Activity: Report each line of the records where "such" occurs.

Provided records:
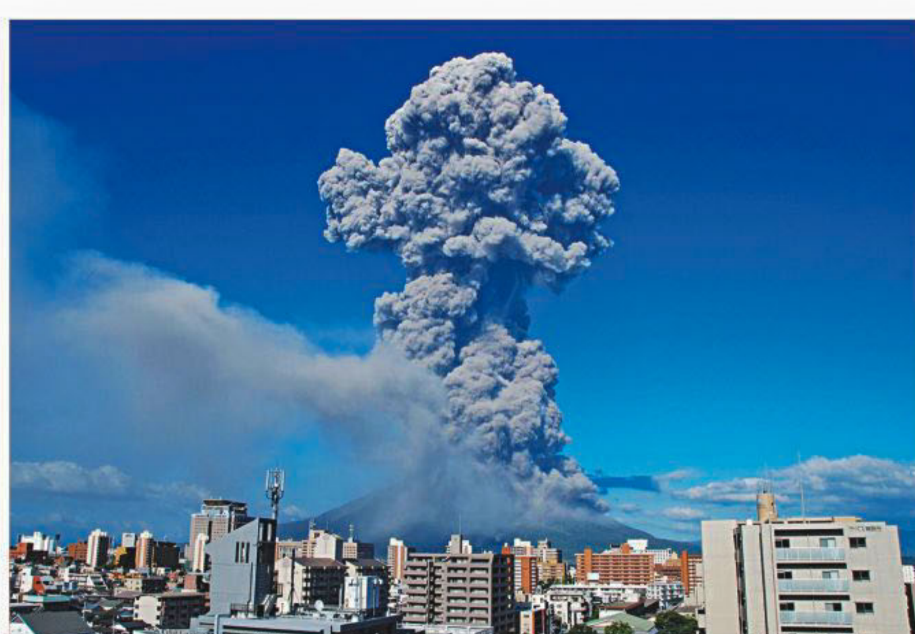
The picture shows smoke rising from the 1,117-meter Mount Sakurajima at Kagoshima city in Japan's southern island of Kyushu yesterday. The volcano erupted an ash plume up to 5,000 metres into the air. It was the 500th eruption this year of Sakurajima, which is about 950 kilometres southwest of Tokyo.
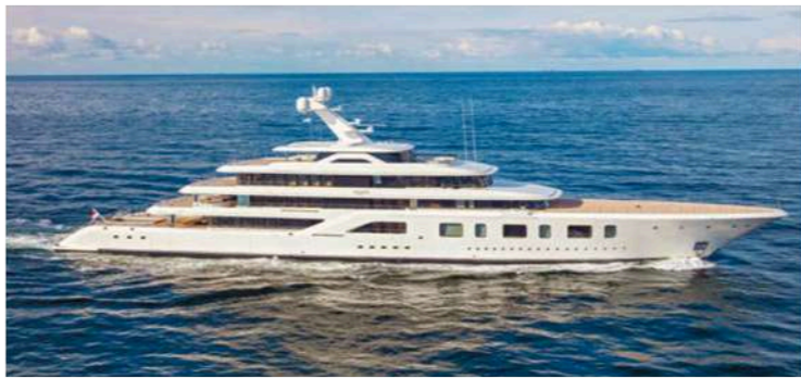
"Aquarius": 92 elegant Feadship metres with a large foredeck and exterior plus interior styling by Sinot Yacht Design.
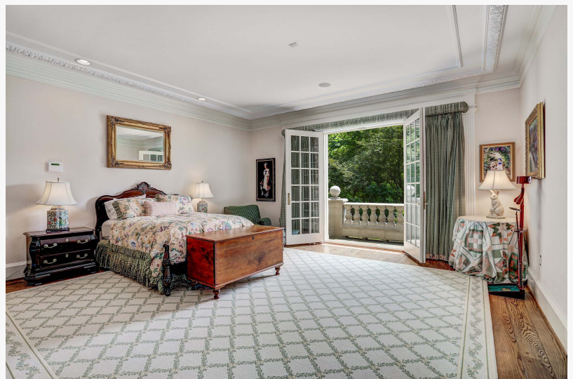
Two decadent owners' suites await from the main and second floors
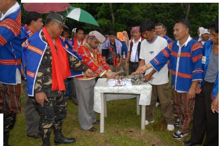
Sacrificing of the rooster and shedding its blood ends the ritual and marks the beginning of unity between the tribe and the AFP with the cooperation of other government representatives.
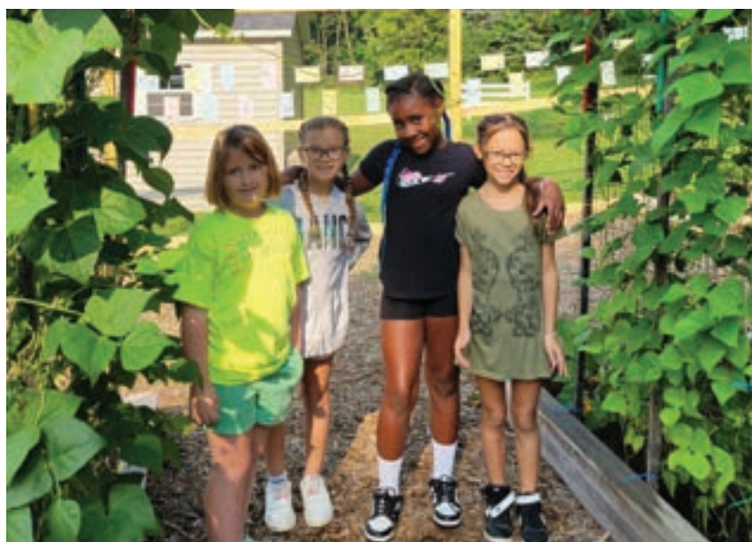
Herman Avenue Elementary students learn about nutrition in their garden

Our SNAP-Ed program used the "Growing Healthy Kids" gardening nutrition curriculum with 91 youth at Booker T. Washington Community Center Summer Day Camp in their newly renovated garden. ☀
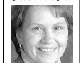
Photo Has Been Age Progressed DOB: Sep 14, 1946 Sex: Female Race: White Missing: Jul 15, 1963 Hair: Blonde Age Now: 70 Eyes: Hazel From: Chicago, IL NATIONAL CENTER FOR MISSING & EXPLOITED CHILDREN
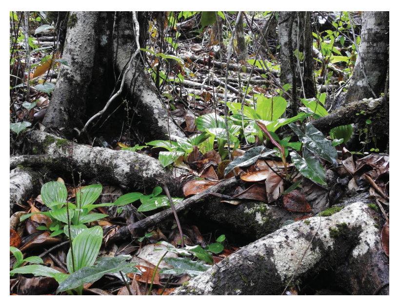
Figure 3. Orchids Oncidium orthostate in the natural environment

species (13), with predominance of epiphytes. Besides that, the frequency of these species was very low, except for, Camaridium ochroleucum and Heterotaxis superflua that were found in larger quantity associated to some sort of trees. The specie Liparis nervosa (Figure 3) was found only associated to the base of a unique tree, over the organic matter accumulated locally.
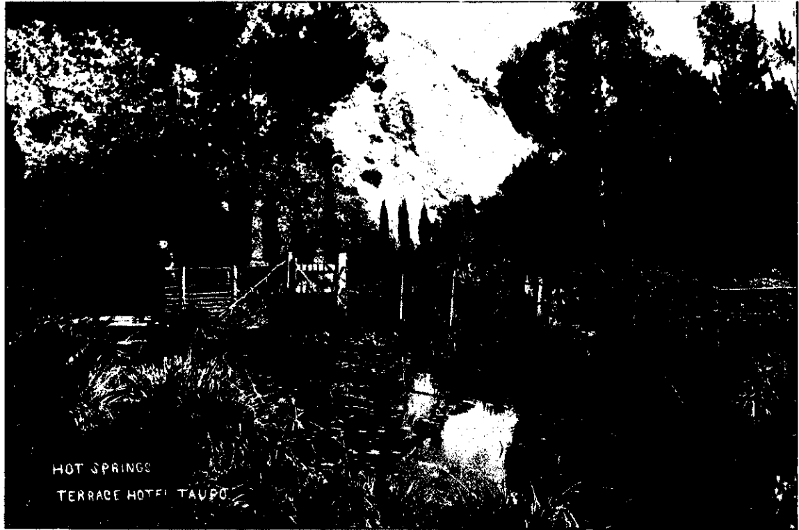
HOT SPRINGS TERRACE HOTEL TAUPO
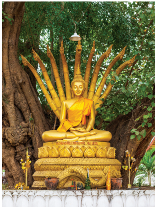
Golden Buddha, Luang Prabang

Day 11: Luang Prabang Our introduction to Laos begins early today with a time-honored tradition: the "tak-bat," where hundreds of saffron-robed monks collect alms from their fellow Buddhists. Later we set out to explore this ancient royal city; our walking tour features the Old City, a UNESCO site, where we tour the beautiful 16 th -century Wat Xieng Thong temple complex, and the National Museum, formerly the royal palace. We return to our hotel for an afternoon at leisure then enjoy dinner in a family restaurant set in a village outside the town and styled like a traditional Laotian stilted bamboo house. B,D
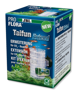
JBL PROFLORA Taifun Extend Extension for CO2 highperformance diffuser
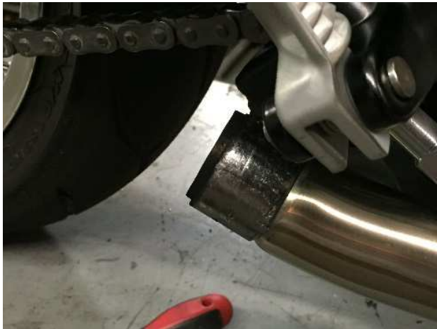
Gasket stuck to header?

--

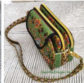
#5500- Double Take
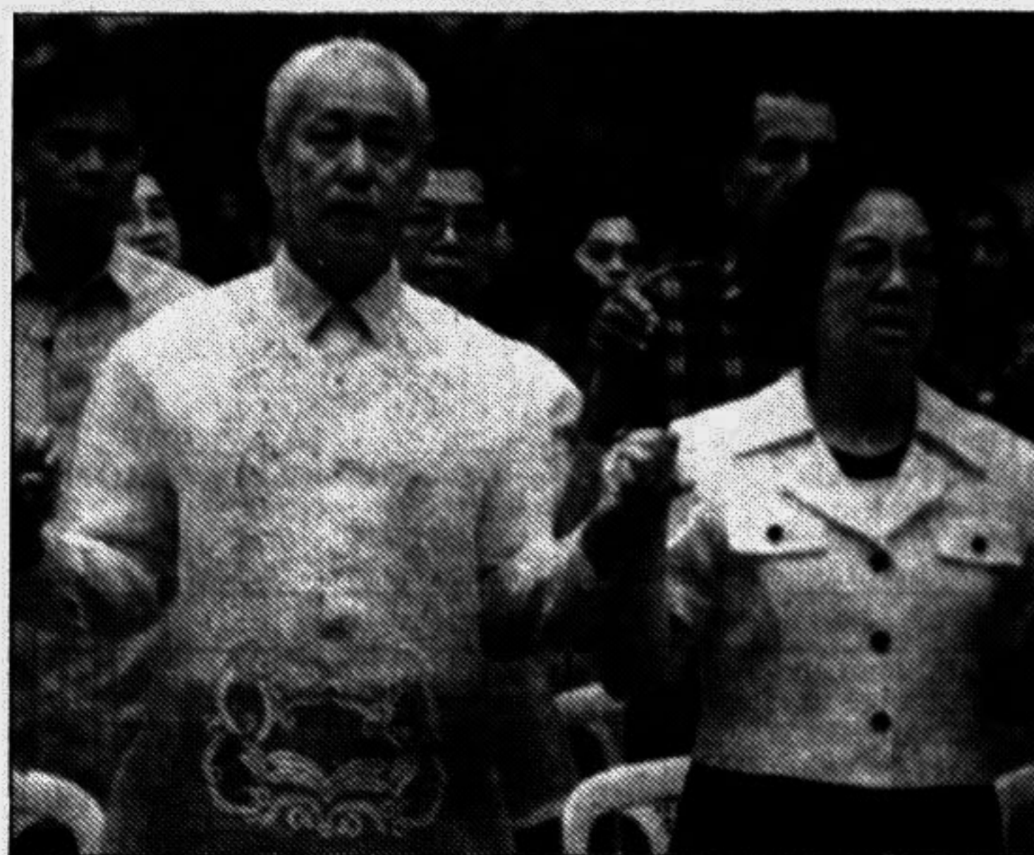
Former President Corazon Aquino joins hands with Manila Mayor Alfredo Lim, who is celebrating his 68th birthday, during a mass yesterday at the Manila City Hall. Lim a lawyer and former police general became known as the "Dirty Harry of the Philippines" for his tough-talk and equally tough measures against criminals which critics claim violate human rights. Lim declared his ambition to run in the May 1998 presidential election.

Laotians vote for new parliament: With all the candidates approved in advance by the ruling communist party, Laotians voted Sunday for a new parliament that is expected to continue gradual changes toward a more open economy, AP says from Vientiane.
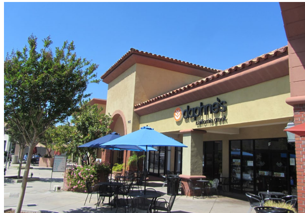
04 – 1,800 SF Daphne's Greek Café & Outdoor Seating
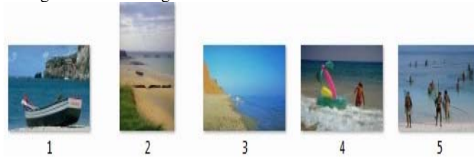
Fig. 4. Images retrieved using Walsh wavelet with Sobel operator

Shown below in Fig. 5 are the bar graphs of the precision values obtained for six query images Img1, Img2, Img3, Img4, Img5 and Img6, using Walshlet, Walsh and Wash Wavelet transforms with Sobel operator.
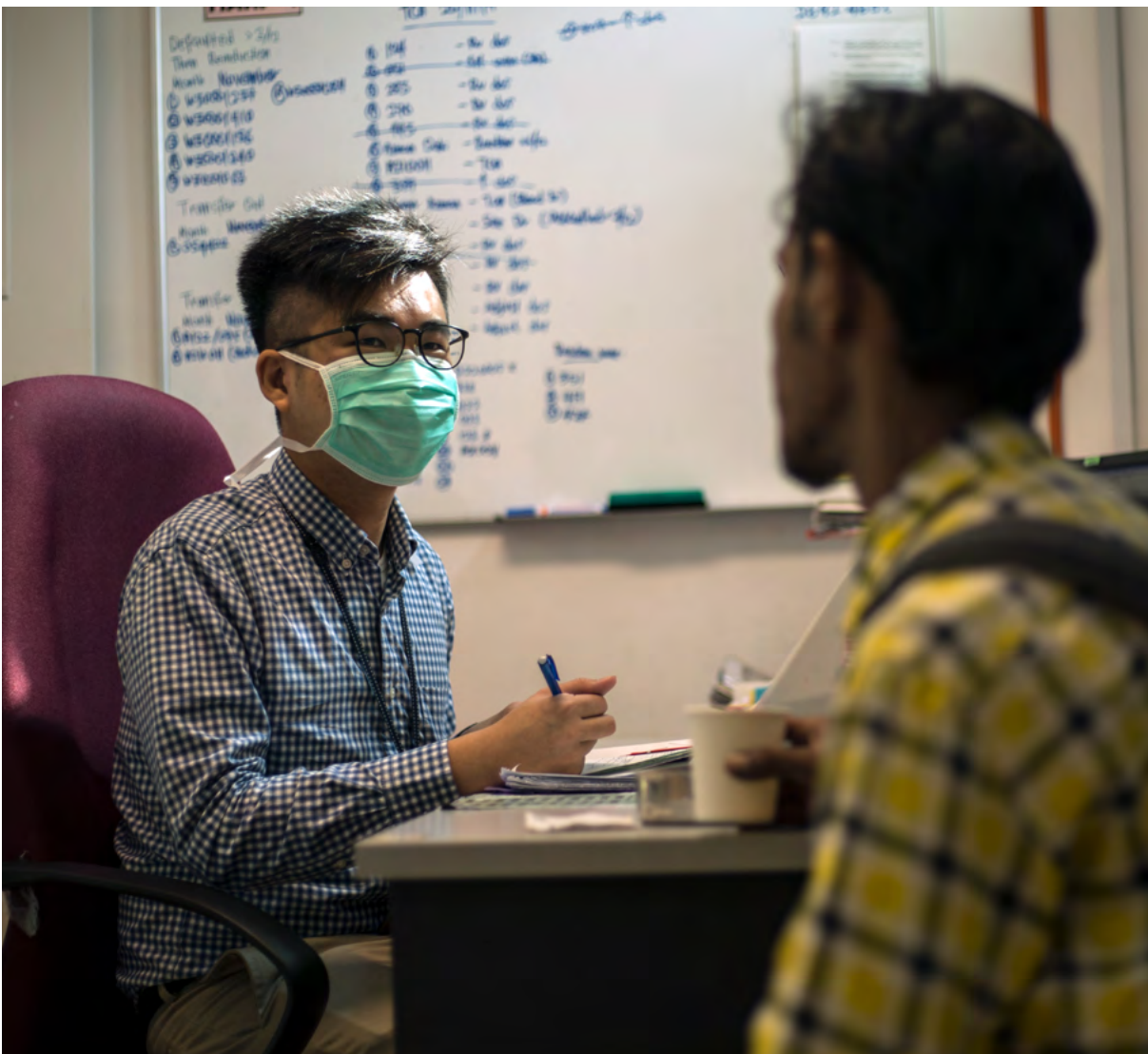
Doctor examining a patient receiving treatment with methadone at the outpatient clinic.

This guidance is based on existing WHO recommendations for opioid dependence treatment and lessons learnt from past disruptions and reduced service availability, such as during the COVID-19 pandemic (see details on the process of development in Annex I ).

---

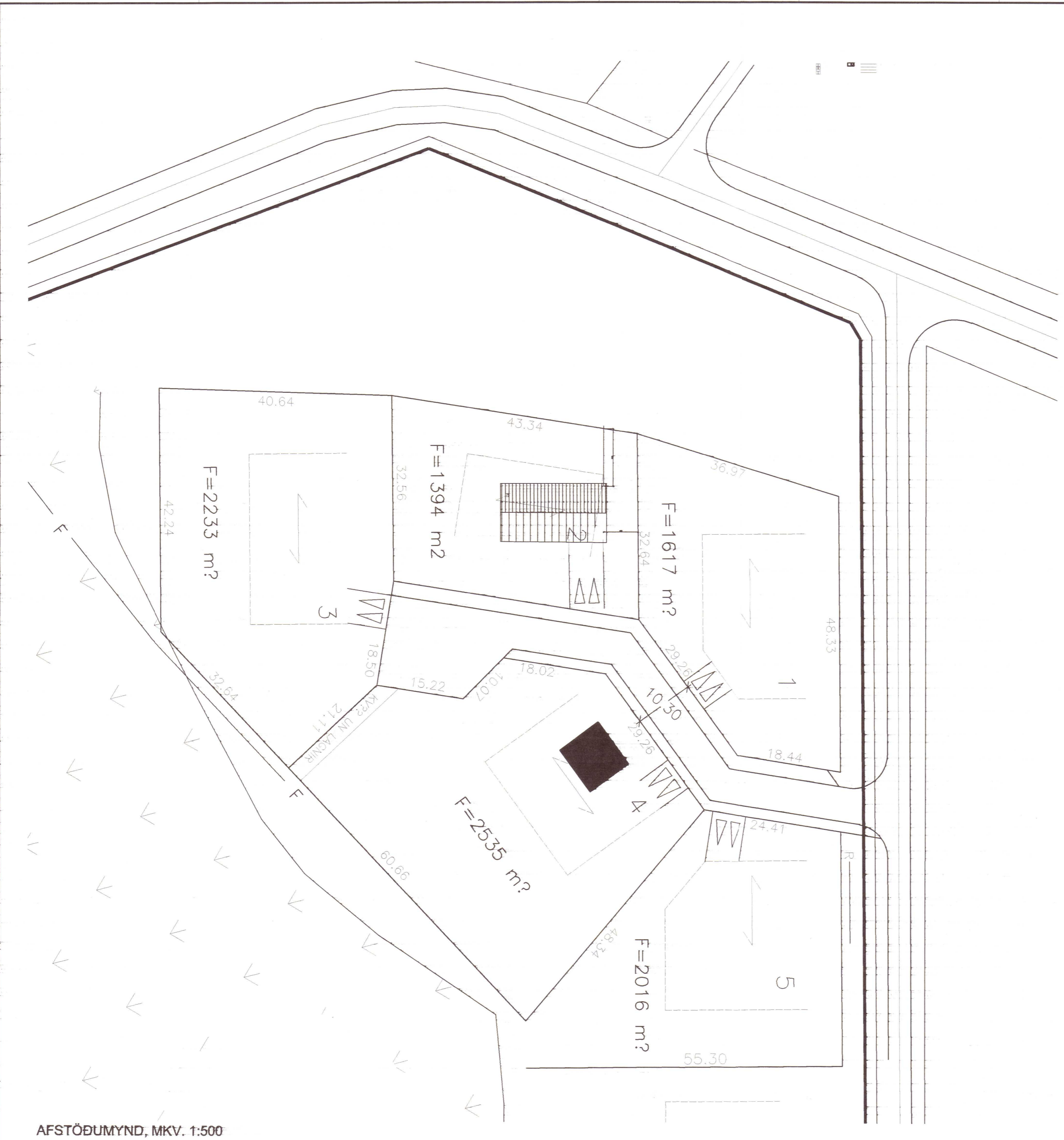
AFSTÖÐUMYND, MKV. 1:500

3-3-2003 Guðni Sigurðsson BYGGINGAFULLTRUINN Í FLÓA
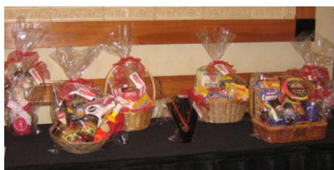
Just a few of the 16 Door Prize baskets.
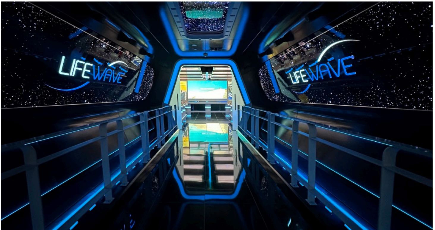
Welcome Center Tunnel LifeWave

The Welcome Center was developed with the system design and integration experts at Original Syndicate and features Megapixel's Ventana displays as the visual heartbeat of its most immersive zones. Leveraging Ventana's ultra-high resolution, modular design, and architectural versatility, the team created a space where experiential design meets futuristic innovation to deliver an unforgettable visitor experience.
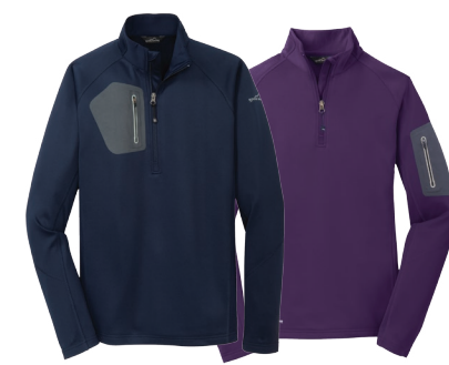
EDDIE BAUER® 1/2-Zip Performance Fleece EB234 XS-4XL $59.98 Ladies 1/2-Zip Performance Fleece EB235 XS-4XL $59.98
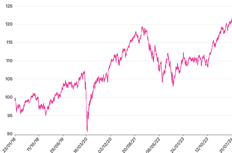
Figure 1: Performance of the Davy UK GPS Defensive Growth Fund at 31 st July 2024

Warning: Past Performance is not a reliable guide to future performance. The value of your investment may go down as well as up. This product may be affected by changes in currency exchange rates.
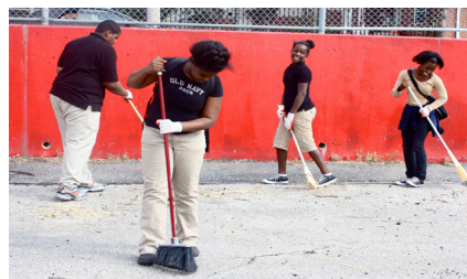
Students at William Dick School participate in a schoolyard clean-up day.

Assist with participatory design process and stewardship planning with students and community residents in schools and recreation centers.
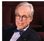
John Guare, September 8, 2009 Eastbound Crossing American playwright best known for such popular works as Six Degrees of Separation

Answer to this exercise:
This guidance is based on existing WHO recommendations for opioid dependence treatment and lessons learnt from past disruptions and reduced service availability, such as during the COVID-19 pandemic (see details on the process of development in Annex I ).
John Guare, September 8, 2009 Eastbound Crossing American playwright best known for such popular works as Six Degrees of Separation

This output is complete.